● Task goal
Every line of the records below from the line with "Это все купила" up to and including the line with "TOKYO, JAPAN - MARCH" must be reproduced exactly, and no line outside that range.

● Dataset records
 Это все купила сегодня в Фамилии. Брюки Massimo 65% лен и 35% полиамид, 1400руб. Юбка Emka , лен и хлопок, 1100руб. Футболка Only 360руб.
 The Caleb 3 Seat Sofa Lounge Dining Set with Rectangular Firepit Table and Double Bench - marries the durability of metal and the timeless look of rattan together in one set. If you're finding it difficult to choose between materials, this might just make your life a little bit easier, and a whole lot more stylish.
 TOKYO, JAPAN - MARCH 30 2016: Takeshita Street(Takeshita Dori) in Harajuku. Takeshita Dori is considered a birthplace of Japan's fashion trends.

---

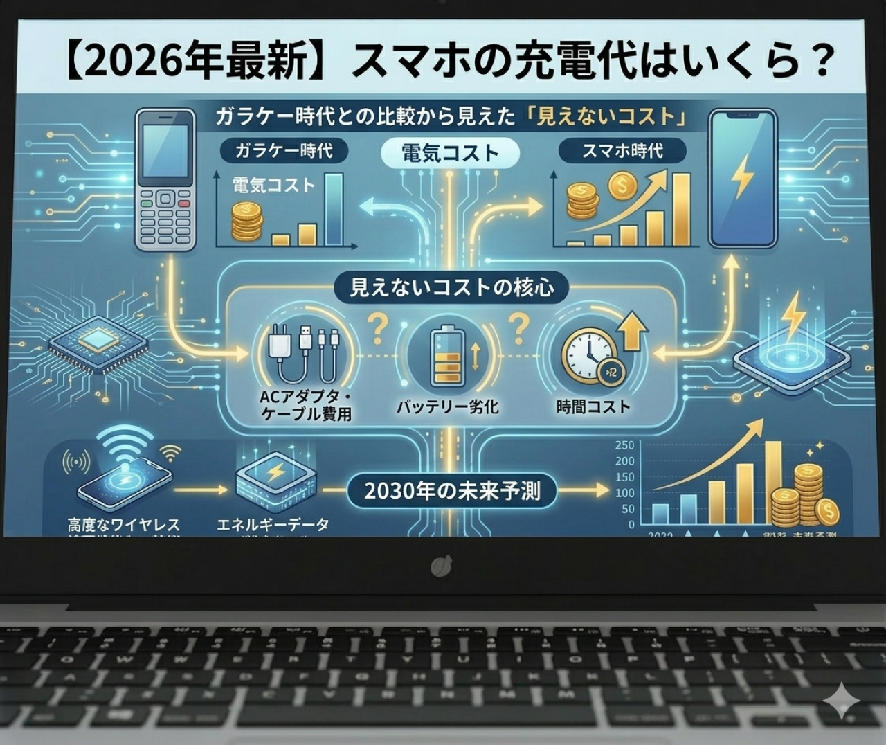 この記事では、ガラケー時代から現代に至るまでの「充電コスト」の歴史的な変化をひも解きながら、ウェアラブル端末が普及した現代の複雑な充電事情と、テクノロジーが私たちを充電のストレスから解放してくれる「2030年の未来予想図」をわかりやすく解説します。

● Reply to the exercise
 Это все купила сегодня в Фамилии. Брюки Massimo 65% лен и 35% полиамид, 1400руб. Юбка Emka , лен и хлопок, 1100руб. Футболка Only 360руб.
 The Caleb 3 Seat Sofa Lounge Dining Set with Rectangular Firepit Table and Double Bench - marries the durability of metal and the timeless look of rattan together in one set. If you're finding it difficult to choose between materials, this might just make your life a little bit easier, and a whole lot more stylish.
 TOKYO, JAPAN - MARCH 30 2016: Takeshita Street(Takeshita Dori) in Harajuku. Takeshita Dori is considered a birthplace of Japan's fashion trends.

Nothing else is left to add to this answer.